Match.com uses Google’s speech recognition API to allow users to speak directly to the bots, but the bulk of the experience is still predominantly text-based.
For now.
This got me thinking: what if someone created a voice-based dating app? An app that would require singles and matches to interact, initially, through voice? You’re probably thinking: “Why, that’s called a phone!” Not quite. Unless you’ve met a romantic interest face to face, chances are that your first interactions were via text.
Text can be altered a million times before your recipient ever sees it. In fact, you can even pay someone to write your messages for you. There is a growing demand for virtual dating assistants like Vida: professional ghostwriters who impersonate you to (supposedly) increase your chances of finding a suitable match, which introduces a whole new level of catfishing.
Furthermore, people who have visual or physical impairments can find themselves disenfranchised by text-based dating platforms that do not regard their needs.
While text can help us conceal our intentions, the same cannot be said for voice. This is because voice is a powerful conveyor of emotion, as “speakers are less likely to be able to alter their tone to disguise their feelings…” (Michael Kraus, Professor of Organizational Behavior, 2017 Yale Insights). Think about the waver you can hear in a close friend’s voice as they fib to you. Our voices bring out the most authentic version of ourselves, in spite of mighty efforts on our part to shape them to meet an ideal self that we want to present.
This idea is not new: The Waving app, like Tinder, allows you to swipe left and right, but not as a reaction to photos or canned profile text. Rather, you are swiping voice messages. While Waving is introducing voice into the world of dating, the app does fall a bit short when it comes to execution. For starters, you are still heavily dependent on your mobile device, and the voice interaction stops at the introduction level — pushing the conversation back to text like any other dating site.
So what would it take to build a powerful voice-based dating app? In my mind, this would require Match’s data powers combined with the conversational savviness of Alexa, with an added twist — the ability to assess a person’s personality by their voice.
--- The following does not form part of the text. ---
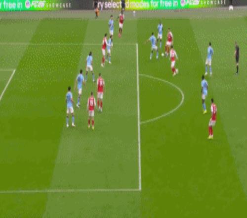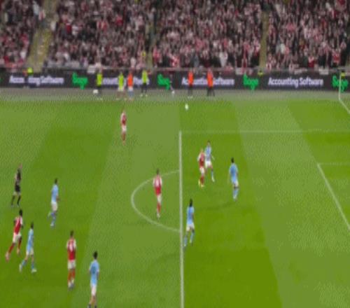開場僅7分鍾,薩卡右路突破橫傳,蘇維門迪跟上直塞,哈弗茨單刀推射,被特拉福德神勇封堵,隨後薩卡連著兩腳補射,依然沒能打穿曼城門將的十指關。
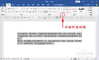 3. 点击“段落”区域右下角的小箭头,打开“段落”对话框。

At a high level, most interactions would take place via voice. For example, as a user, you would establish your profile, complete with your desired criteria and voice introduction. The algorithm would assess your criteria and your speech patterns (pitch, resonance, temperature, verbiage, etc.) and make certain assumptions about you. It would do the same for everyone else on the system.
By the time Alexa suggests a connection, that person’s complete personality has already been vetted and (in theory) matched to yours. If you decline that person’s voice introduction, Alexa will attempt to learn why, and may ask you what turned you off. If you elect to proceed, the channels of communication are opened, and you can continue to engage via voice.
While this is not a fully-fleshed out design idea by any means, it does bring a couple of questions to mind. For one, will Alexa ever be able to understand who we are based entirely on our data and our voices? If so, could she ever know us better than ourselves? Perhaps even to the point of matching us with the right person?
After all, there is some hope. While the long-term impact of online dating on society is still widely debated — researchers have “found some evidence that married couples who meet online have lower rates of marital breakup,” than those who meet in more traditional ways (MIT Technology Review, 2017).
Could Alexa impact these odds?
But, do we even want Alexa to play such a significant part in our lives? Do we want an AI to engineer human connection?
Obviously there are more questions than answers, but regardless of how we feel about the role of AI in our lives, they’re here to stay — for better or for worse.